**What the task requires**
For this task, output exactly the lines of the material below starting at the line with "instrucción y en la Audiencia de Orense." and ending at the line with "Resistance to drugs"; pictures are to be excluded.

**Data to examine**

:::::

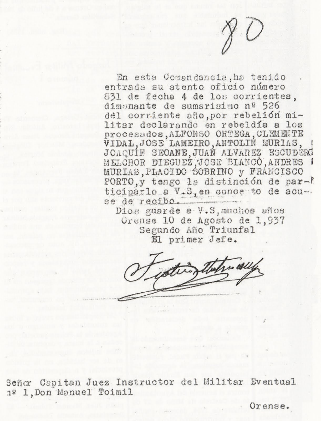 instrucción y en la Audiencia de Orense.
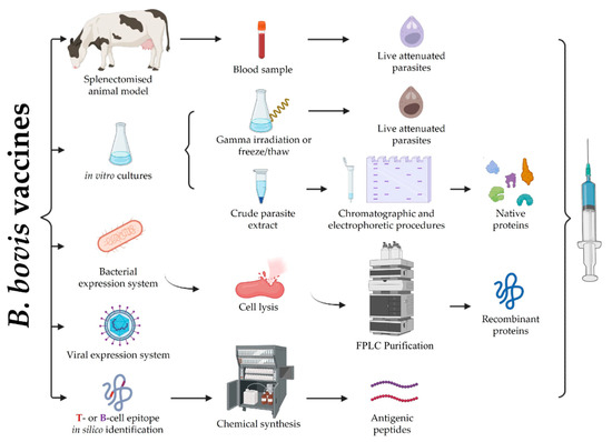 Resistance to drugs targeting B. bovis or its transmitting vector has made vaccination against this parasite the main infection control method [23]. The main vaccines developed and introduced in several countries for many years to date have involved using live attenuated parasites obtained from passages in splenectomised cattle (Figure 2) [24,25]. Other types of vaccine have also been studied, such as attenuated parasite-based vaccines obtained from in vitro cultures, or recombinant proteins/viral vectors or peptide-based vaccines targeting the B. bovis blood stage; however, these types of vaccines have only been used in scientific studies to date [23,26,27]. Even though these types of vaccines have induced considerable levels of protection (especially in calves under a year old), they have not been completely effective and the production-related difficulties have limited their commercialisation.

:::::

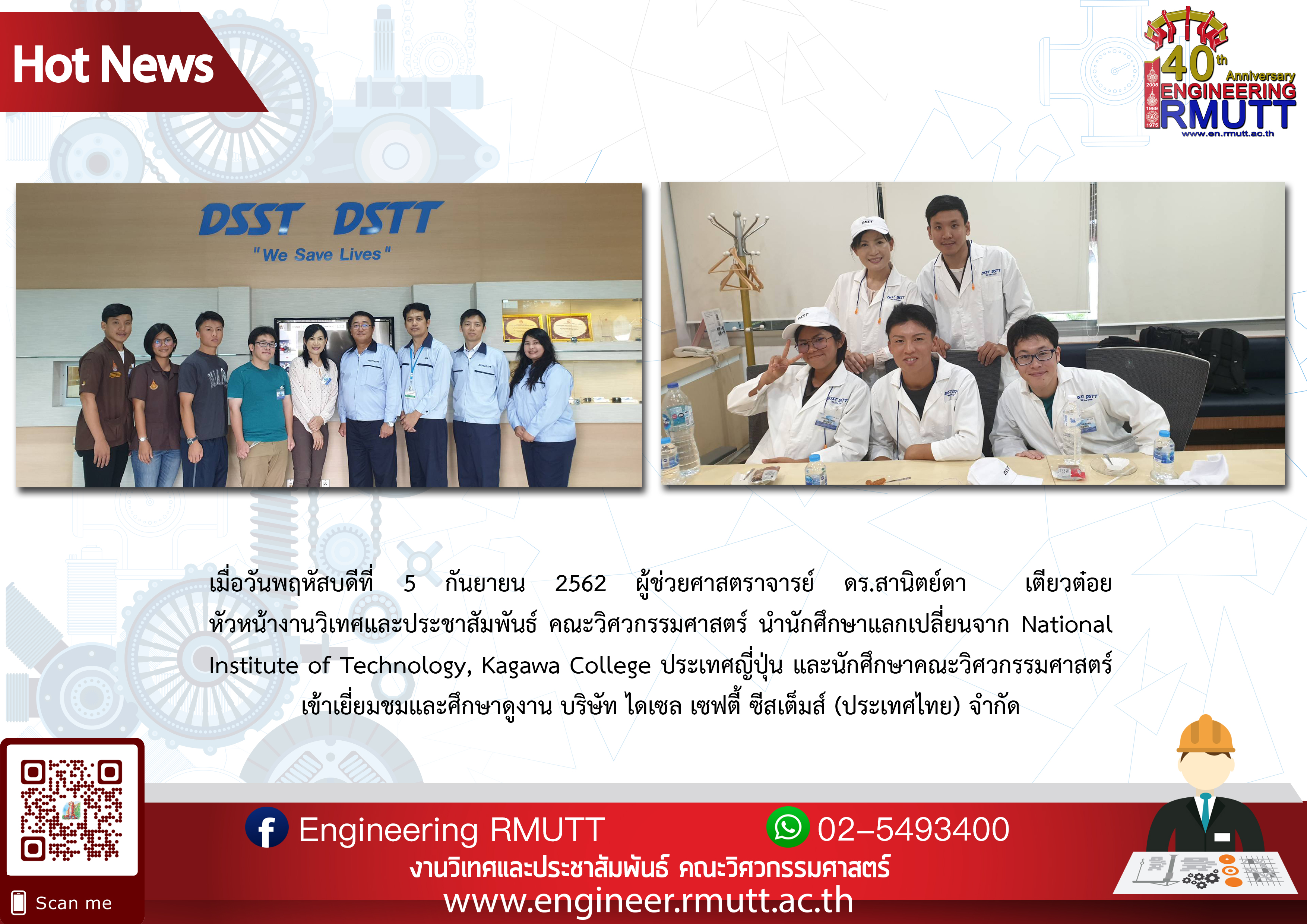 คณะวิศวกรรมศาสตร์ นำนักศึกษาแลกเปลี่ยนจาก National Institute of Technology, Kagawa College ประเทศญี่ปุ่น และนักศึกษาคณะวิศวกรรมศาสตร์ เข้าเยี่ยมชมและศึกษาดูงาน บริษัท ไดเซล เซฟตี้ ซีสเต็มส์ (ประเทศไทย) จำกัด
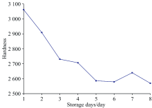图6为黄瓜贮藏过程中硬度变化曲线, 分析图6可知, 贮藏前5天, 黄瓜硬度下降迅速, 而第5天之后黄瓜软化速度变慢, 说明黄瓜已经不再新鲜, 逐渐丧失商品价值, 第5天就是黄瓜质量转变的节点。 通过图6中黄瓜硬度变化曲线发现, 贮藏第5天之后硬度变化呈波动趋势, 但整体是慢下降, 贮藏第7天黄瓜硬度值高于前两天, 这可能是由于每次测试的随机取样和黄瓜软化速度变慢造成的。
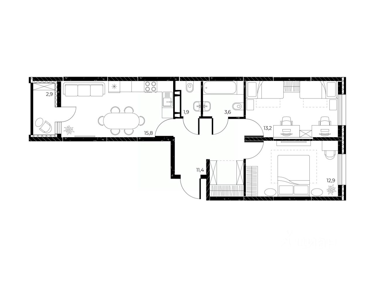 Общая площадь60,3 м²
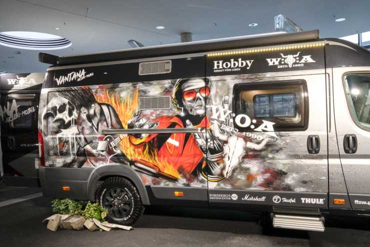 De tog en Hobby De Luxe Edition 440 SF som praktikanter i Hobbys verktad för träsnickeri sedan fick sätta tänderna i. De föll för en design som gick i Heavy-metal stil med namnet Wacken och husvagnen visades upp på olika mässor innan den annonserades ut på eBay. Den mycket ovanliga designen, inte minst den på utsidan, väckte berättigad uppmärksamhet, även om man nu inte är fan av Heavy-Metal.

:::::

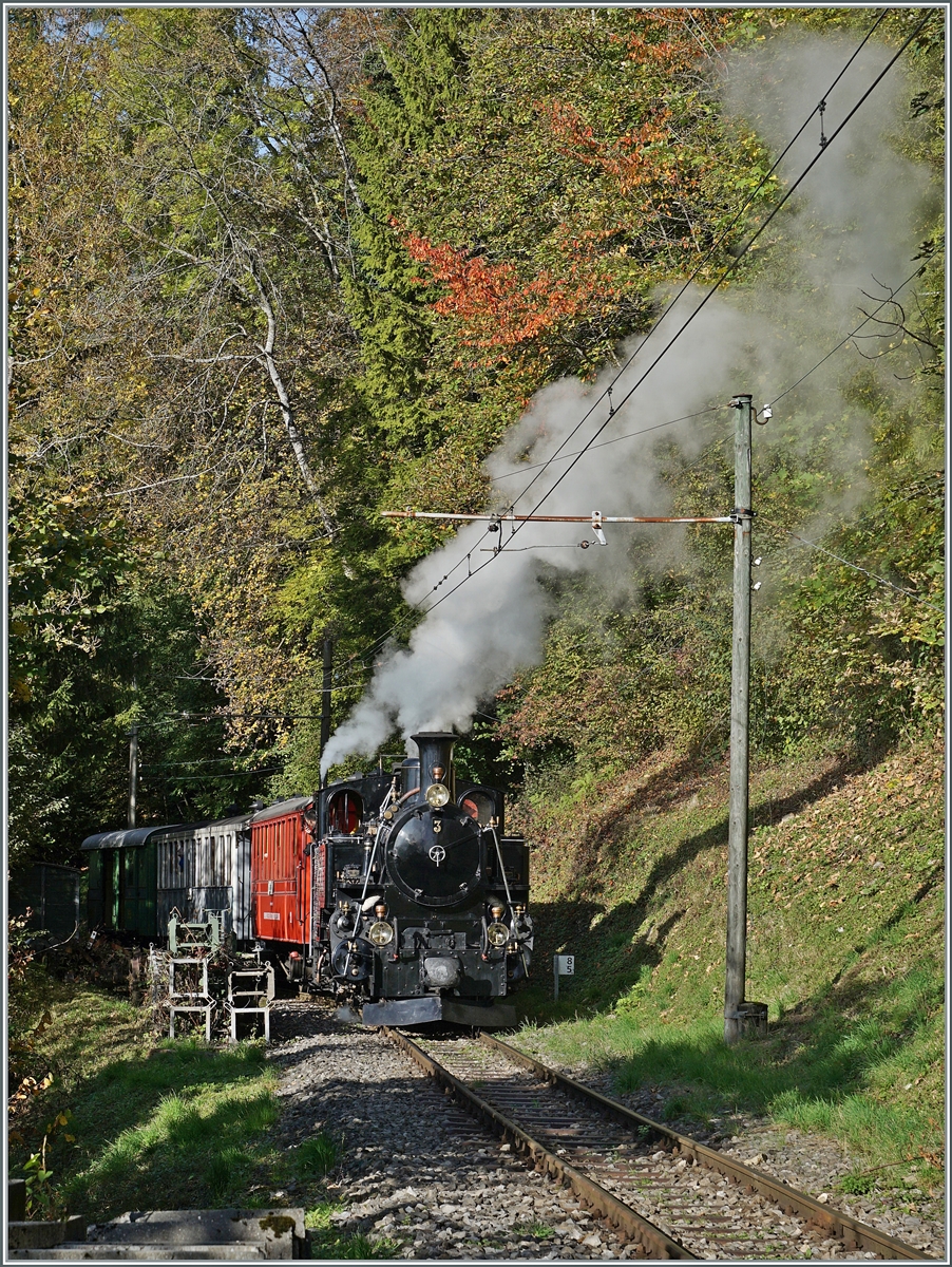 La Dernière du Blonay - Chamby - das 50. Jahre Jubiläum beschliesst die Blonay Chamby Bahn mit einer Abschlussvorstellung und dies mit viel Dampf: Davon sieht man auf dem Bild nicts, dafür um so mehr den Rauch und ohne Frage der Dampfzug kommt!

:::::

**Answer space**
 instrucción y en la Audiencia de Orense.
 Resistance to drugs targeting B. bovis or its transmitting vector has made vaccination against this parasite the main infection control method [23]. The main vaccines developed and introduced in several countries for many years to date have involved using live attenuated parasites obtained from passages in splenectomised cattle (Figure 2) [24,25]. Other types of vaccine have also been studied, such as attenuated parasite-based vaccines obtained from in vitro cultures, or recombinant proteins/viral vectors or peptide-based vaccines targeting the B. bovis blood stage; however, these types of vaccines have only been used in scientific studies to date [23,26,27]. Even though these types of vaccines have induced considerable levels of protection (especially in calves under a year old), they have not been completely effective and the production-related difficulties have limited their commercialisation.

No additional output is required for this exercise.